Ama her şeye rağmen Pink Martini işte bu. Bambaşka bir albenisi var onların. Çıktığımda hala yüzümde bir gülümseme ile

je ne veux pas travailler,
je ne veux pas dejeuner,
je veux seulement oublier et plus je fume

diye dolanıyordum! Hepsini çaldılar yahu beklemiyordum valla son albümden giderler diye düşünüyordum ama yanılttılar. Let's Never Stop Falling In Love, Sympathique, Hey Eugene, And Then You're Gone ve tabii ki Qué Sera Sera. Ekstradan da bir Katibim türküsü :).

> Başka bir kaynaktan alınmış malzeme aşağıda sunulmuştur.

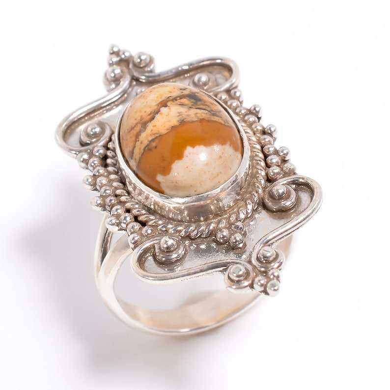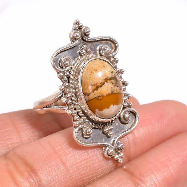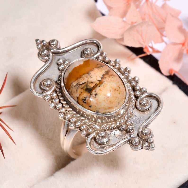แหวนเงินแท้รูปวงรีแจสเปอร์925ทำด้วยมือปะการังรักษาด้วยความร้อนธรรมชาติของขวัญครบรอบเครื่องประดับสำหรับผู้หญิง

Kısacası acısıyla tatlısıyla ülkemizden bir kez daha Pink Martini geçmiş bulundu. Başka konserlerde görüşmek üzere!



This was supposed to be a positive review post, but sometimes things do not happen in the way be desire.

Pink Martini concert at METU Vişnelik Tesisi was very good for the ones who could get in and enjoy music regardless of many distractions. Although it was announced that tickets were available at the entrance, people faced a big SOLD OUT shock! If you were continuous and bought your tickets from Biletix “The ticket master company”, you needed to wait a long queue in order to reach your already paid ticket. If you were lucky enough to get in, there was a so called ‘concert crowd’. Everyone (regardless of a small crowd) was sitting and if you were standing up, dancing a little, people were warning you, claiming they were not able to see the stage! We couldn’t understand the point, there is no stage show, were not watching an open-air theater, IT IS A CONCERT! Luckily we didn’t let anyone ruin our night and enjoyed it as much as possible.